▶ [DATA RECORDS]

◆ ◆ ◆ ◆

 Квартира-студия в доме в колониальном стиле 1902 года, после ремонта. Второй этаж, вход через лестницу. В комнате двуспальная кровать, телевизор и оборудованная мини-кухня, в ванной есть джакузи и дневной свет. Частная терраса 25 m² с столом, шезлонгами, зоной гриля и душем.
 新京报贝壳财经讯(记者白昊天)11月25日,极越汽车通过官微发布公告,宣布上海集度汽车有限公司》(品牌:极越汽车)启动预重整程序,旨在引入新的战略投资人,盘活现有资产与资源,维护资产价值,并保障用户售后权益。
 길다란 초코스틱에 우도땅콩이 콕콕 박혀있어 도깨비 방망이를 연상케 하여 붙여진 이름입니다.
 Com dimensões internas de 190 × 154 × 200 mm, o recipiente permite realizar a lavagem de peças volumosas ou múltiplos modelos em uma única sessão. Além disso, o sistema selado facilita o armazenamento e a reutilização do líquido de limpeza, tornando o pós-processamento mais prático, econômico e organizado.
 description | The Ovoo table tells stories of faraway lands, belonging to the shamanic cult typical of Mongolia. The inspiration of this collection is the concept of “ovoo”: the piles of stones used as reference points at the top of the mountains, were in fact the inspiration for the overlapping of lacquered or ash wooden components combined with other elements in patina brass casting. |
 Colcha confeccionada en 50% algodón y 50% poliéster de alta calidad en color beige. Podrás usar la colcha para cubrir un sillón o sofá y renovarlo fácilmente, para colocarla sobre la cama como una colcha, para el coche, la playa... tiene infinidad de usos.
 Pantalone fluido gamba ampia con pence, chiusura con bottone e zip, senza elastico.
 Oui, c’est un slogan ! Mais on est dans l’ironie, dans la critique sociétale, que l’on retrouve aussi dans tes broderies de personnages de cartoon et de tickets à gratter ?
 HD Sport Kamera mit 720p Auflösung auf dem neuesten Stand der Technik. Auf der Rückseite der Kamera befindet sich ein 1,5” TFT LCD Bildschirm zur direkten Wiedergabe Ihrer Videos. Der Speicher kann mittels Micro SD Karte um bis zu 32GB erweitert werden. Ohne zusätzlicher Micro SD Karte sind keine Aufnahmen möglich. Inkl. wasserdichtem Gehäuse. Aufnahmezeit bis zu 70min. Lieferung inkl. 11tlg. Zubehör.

◆ ◆ ◆ ◆

▶ [WHAT TO PRODUCE]
Write out only the lines from the one containing "description | The" through the end of the listing above, exactly as they stand.

▶ [YOUR RESPONSE]
 description | The Ovoo table tells stories of faraway lands, belonging to the shamanic cult typical of Mongolia. The inspiration of this collection is the concept of “ovoo”: the piles of stones used as reference points at the top of the mountains, were in fact the inspiration for the overlapping of lacquered or ash wooden components combined with other elements in patina brass casting. |
 Colcha confeccionada en 50% algodón y 50% poliéster de alta calidad en color beige. Podrás usar la colcha para cubrir un sillón o sofá y renovarlo fácilmente, para colocarla sobre la cama como una colcha, para el coche, la playa... tiene infinidad de usos.
 Pantalone fluido gamba ampia con pence, chiusura con bottone e zip, senza elastico.
 Oui, c’est un slogan ! Mais on est dans l’ironie, dans la critique sociétale, que l’on retrouve aussi dans tes broderies de personnages de cartoon et de tickets à gratter ?
 HD Sport Kamera mit 720p Auflösung auf dem neuesten Stand der Technik. Auf der Rückseite der Kamera befindet sich ein 1,5” TFT LCD Bildschirm zur direkten Wiedergabe Ihrer Videos. Der Speicher kann mittels Micro SD Karte um bis zu 32GB erweitert werden. Ohne zusätzlicher Micro SD Karte sind keine Aufnahmen möglich. Inkl. wasserdichtem Gehäuse. Aufnahmezeit bis zu 70min. Lieferung inkl. 11tlg. Zubehör.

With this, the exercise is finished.